*** RECORDS TO PROCESS ***

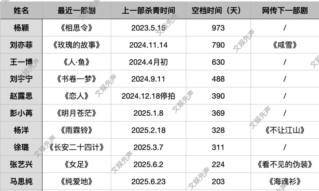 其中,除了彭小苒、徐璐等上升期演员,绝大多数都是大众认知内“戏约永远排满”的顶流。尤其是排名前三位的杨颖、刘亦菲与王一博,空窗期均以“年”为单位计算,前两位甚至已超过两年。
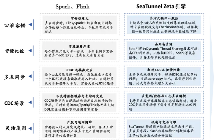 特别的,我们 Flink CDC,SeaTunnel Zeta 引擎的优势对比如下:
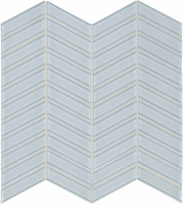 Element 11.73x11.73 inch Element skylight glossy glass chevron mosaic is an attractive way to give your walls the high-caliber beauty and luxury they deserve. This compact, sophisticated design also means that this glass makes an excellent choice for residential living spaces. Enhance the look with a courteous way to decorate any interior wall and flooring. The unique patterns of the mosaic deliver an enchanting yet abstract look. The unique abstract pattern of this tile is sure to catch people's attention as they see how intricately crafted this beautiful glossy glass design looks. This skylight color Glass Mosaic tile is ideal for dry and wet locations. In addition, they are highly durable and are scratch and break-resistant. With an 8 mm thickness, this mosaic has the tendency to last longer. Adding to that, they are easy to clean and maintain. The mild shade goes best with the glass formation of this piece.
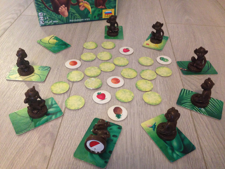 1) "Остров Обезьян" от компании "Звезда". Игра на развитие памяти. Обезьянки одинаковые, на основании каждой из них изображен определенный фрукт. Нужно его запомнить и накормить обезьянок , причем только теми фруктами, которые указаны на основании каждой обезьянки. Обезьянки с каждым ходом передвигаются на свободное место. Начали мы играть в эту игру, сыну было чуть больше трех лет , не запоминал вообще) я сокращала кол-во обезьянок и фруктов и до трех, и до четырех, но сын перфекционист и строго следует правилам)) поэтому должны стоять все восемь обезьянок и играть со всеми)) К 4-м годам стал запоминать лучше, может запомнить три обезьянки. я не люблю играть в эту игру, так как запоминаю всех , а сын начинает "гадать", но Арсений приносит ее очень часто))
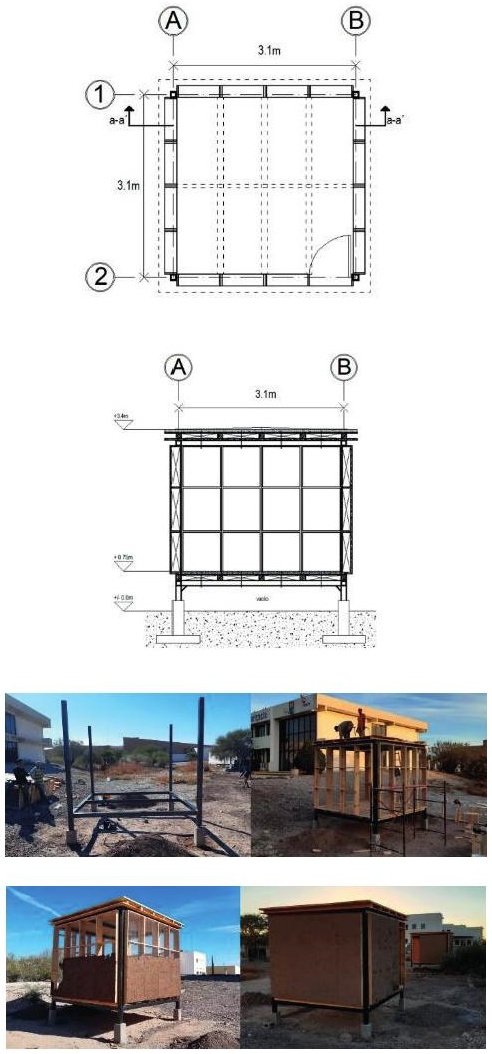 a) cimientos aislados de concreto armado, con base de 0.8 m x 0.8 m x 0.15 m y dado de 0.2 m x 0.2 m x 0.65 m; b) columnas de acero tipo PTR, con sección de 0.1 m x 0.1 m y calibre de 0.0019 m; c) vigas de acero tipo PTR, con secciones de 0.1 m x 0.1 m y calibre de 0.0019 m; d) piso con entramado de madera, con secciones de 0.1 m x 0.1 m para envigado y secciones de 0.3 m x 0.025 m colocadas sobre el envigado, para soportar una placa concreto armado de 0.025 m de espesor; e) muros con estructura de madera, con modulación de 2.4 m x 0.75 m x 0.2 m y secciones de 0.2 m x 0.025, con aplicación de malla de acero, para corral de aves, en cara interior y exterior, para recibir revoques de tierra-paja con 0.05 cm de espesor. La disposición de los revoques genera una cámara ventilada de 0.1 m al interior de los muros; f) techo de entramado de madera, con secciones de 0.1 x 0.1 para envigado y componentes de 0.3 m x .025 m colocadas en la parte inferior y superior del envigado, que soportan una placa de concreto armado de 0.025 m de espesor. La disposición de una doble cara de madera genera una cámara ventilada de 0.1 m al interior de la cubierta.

***
*** RECORDS TO PROCESS ***

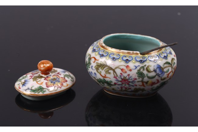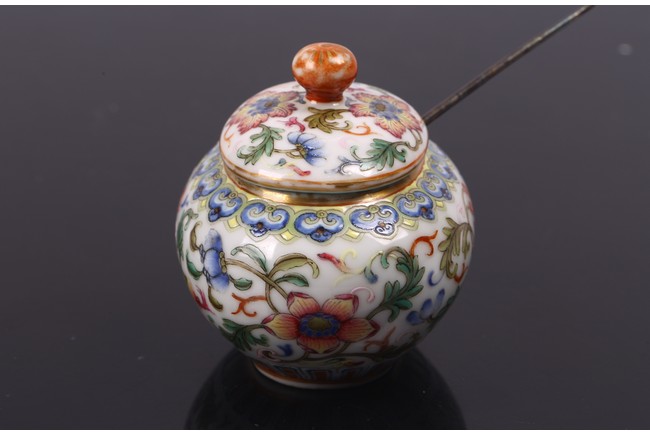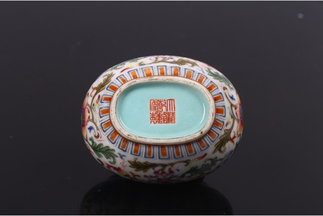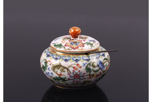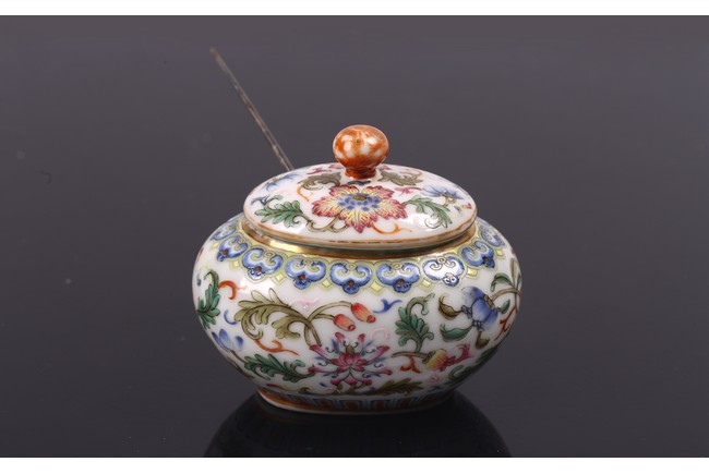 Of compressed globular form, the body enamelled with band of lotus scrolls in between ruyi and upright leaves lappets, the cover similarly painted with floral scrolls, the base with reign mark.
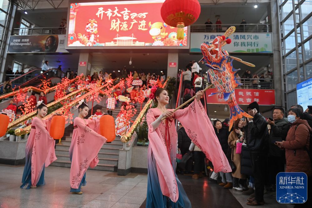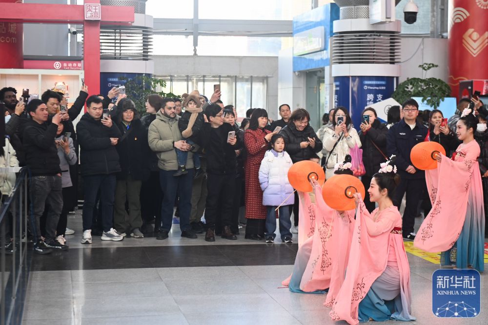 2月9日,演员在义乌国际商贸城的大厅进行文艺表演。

***
*** RECORDS TO PROCESS ***

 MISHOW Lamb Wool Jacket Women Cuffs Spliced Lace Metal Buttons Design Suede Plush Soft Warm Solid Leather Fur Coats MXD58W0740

***

» PROBLEM DETAILS: Copy the listing above exactly, but only from the line with "其中,除了彭小苒、徐璐等上升" through the line with "特别的,我们 Flink CDC,SeaTunnel", including those two lines and excluding any picture.

» SOLUTION TO THIS TASK:
 其中,除了彭小苒、徐璐等上升期演员,绝大多数都是大众认知内“戏约永远排满”的顶流。尤其是排名前三位的杨颖、刘亦菲与王一博,空窗期均以“年”为单位计算,前两位甚至已超过两年。
 特别的,我们 Flink CDC,SeaTunnel Zeta 引擎的优势对比如下:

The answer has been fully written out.